BEGIN INPUT DATA

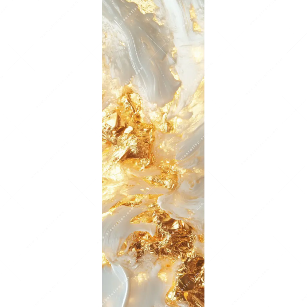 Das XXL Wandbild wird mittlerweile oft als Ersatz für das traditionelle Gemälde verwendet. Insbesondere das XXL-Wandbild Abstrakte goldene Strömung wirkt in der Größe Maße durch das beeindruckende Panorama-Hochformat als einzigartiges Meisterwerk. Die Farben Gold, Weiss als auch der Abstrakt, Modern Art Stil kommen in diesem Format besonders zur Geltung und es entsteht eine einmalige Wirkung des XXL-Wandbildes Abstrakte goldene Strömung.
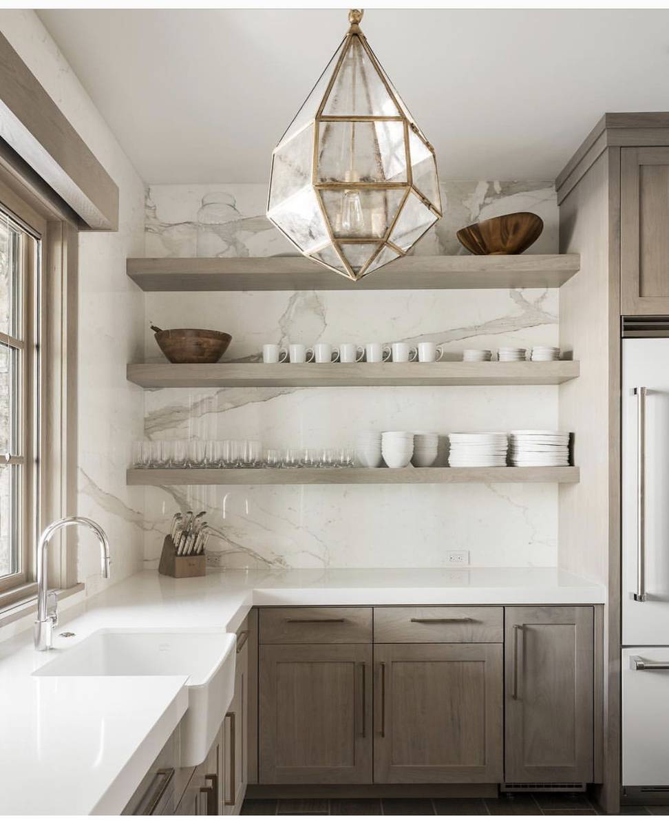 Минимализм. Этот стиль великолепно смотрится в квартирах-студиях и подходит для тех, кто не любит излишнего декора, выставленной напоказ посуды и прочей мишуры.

END INPUT DATA
BEGIN INPUT DATA

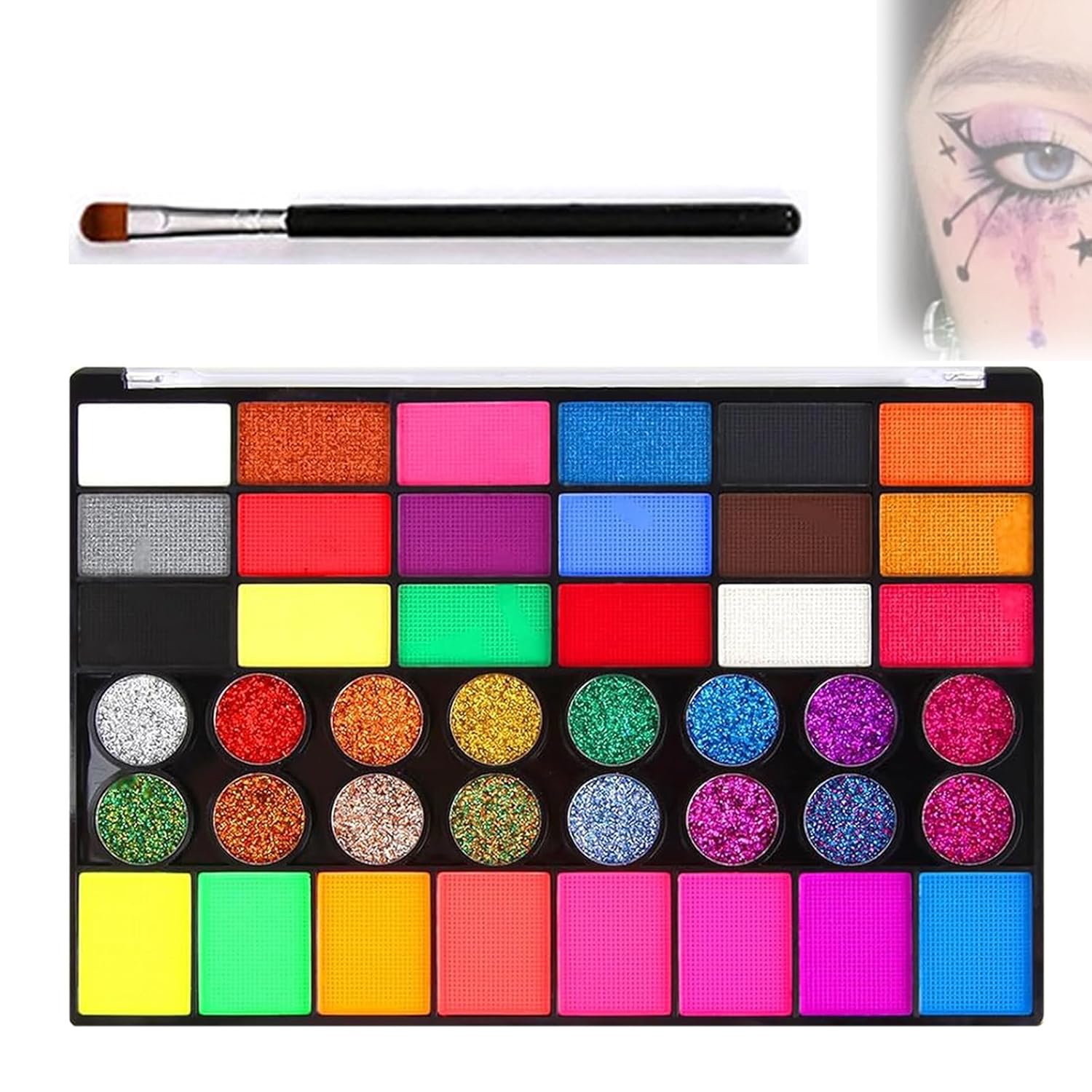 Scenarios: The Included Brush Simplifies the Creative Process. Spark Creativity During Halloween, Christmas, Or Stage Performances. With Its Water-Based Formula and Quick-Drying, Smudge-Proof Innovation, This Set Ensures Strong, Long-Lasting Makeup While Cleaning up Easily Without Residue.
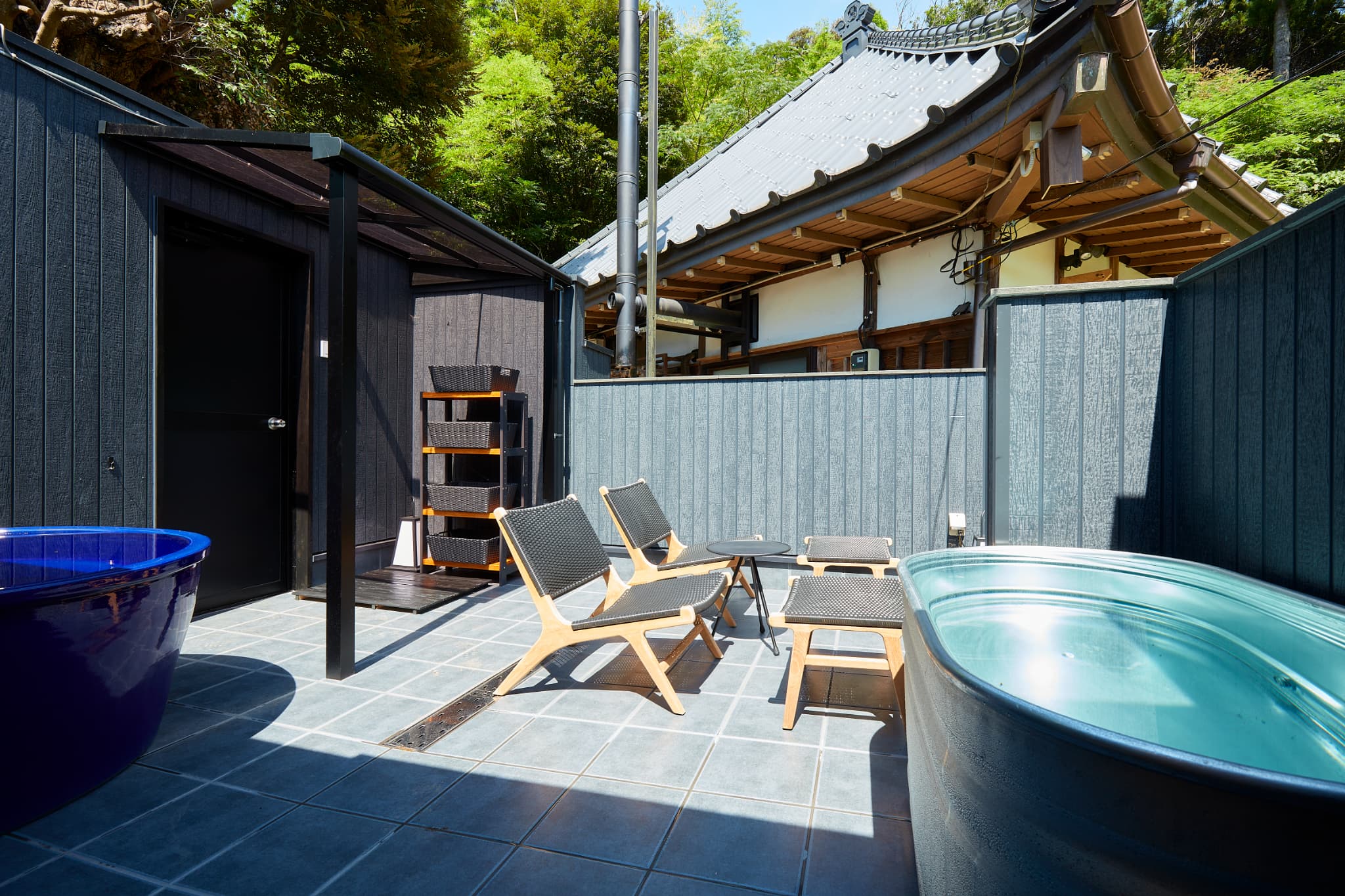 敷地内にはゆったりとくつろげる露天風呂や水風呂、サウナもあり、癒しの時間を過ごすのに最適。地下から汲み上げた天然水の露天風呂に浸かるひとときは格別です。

END INPUT DATA

### [EXERCISE]
Pictures excluded, transcribe the listing above exactly from the line with "Das XXL Wandbild" through the line with "Минимализм. Этот стиль", and no further.

### [RESPONSE BELOW]
 Das XXL Wandbild wird mittlerweile oft als Ersatz für das traditionelle Gemälde verwendet. Insbesondere das XXL-Wandbild Abstrakte goldene Strömung wirkt in der Größe Maße durch das beeindruckende Panorama-Hochformat als einzigartiges Meisterwerk. Die Farben Gold, Weiss als auch der Abstrakt, Modern Art Stil kommen in diesem Format besonders zur Geltung und es entsteht eine einmalige Wirkung des XXL-Wandbildes Abstrakte goldene Strömung.
 Минимализм. Этот стиль великолепно смотрится в квартирах-студиях и подходит для тех, кто не любит излишнего декора, выставленной напоказ посуды и прочей мишуры.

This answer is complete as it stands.